Restituição de IPTU — entenda em detalhes

O que é

A restituição de IPTU é o processo de recuperar valores pagos indevidamente ao município a título de Imposto Predial e Territorial Urbano. Ocorre quando o lançamento do IPTU contém irregularidades: área incorreta, classificação do imóvel errada, planta genérica de valores desatualizada ou isenção legal não aplicada.

Por que buscar

Prefeituras brasileiras nem sempre atualizam o cadastro imobiliário com precisão. Imóveis com área maior que a real, classificados incorretamente ou com benfeitorias não realizadas podem gerar cobranças acima do valor legalmente devido por anos consecutivos, acumulando um valor relevante a restituir.

Quem pode

Proprietários de imóveis urbanos que pagaram IPTU nos últimos 5 anos e identificam alguma irregularidade no lançamento: área diferente da escritura ou matrícula, classificação de uso incorreta, aplicação de alíquota maior que a devida, ou ausência de isenção prevista em lei (idosos, entidades sem fins lucrativos, etc.).

Onde protocolar

O pedido de revisão e restituição é protocolado junto à Secretaria Municipal de Finanças ou Tributação do município onde o imóvel está localizado. Em caso de negativa administrativa, cabe ação judicial. O escritório Cestari, do Dr. Caio Cestari conduz todo o processo de forma remota.

Quando agir

O prazo prescricional para rever o IPTU e solicitar a restituição é de 5 anos contados de cada pagamento indevido. Quanto antes o pedido for protocolado, maior o período disponível para recuperação. Após o prazo prescricional, o direito se extingue.

Quanto envolve

O valor recuperável depende da irregularidade identificada, do período analisado e do município.
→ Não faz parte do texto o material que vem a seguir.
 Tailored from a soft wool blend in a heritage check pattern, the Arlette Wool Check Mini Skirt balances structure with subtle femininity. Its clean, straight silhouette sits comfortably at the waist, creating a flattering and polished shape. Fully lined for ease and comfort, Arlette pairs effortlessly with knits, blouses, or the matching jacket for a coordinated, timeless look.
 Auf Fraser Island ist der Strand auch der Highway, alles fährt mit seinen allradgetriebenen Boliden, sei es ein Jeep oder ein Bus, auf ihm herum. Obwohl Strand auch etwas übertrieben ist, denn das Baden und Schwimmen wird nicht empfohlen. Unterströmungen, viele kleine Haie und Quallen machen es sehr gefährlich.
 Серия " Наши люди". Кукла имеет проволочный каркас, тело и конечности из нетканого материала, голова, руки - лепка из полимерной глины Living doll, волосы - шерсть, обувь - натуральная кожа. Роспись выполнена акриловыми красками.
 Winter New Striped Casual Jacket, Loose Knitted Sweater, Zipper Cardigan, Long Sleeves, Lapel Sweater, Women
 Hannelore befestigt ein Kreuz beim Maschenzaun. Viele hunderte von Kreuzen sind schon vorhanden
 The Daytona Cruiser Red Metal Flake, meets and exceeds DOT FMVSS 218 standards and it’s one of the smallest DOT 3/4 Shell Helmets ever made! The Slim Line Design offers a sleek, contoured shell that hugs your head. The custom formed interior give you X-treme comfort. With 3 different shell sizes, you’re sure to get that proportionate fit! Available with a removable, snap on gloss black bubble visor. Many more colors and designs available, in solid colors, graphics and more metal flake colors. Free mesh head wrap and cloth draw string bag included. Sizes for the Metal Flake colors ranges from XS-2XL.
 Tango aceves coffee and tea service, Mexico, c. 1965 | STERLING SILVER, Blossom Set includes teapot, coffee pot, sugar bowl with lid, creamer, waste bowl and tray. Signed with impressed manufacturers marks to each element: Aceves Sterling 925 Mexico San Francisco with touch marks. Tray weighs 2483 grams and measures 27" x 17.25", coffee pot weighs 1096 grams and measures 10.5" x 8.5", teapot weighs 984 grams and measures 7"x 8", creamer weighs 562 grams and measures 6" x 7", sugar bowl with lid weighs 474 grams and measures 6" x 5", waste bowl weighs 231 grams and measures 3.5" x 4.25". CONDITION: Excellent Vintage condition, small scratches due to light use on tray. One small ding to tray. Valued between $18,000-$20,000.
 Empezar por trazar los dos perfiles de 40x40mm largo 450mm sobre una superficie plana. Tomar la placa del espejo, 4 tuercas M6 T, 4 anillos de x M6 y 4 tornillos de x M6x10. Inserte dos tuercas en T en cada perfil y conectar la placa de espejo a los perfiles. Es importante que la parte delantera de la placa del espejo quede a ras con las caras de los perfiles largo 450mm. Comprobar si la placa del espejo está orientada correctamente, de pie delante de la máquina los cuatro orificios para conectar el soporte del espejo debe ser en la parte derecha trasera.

Os honorários são avaliados conforme o caso — o modelo de honorários de êxito é comum para essa modalidade, em que o escritório recebe percentual apenas sobre o valor efetivamente recuperado.

Passo a passo

Como funciona a restituição de IPTU

01

Análise do lançamento

Você envia a guia de IPTU, a matrícula do imóvel e a escritura ou contrato de compra e venda. O escritório identifica eventuais irregularidades no lançamento municipal.

02

Pedido administrativo

Protocolo do pedido de revisão e restituição junto à Secretaria de Finanças do município, com a documentação comprobatória da irregularidade.

03

Ação judicial (se necessário)

Se o município indeferir o pedido administrativo ou ultrapassar o prazo legal de resposta, o escritório ingressa com ação judicial de repetição do indébito tributário.

04

Restituição ou compensação

Os valores são restituídos via crédito em conta, crédito para abatimento de IPTU futuro ou compensação com outros tributos municipais, conforme a legislação do município.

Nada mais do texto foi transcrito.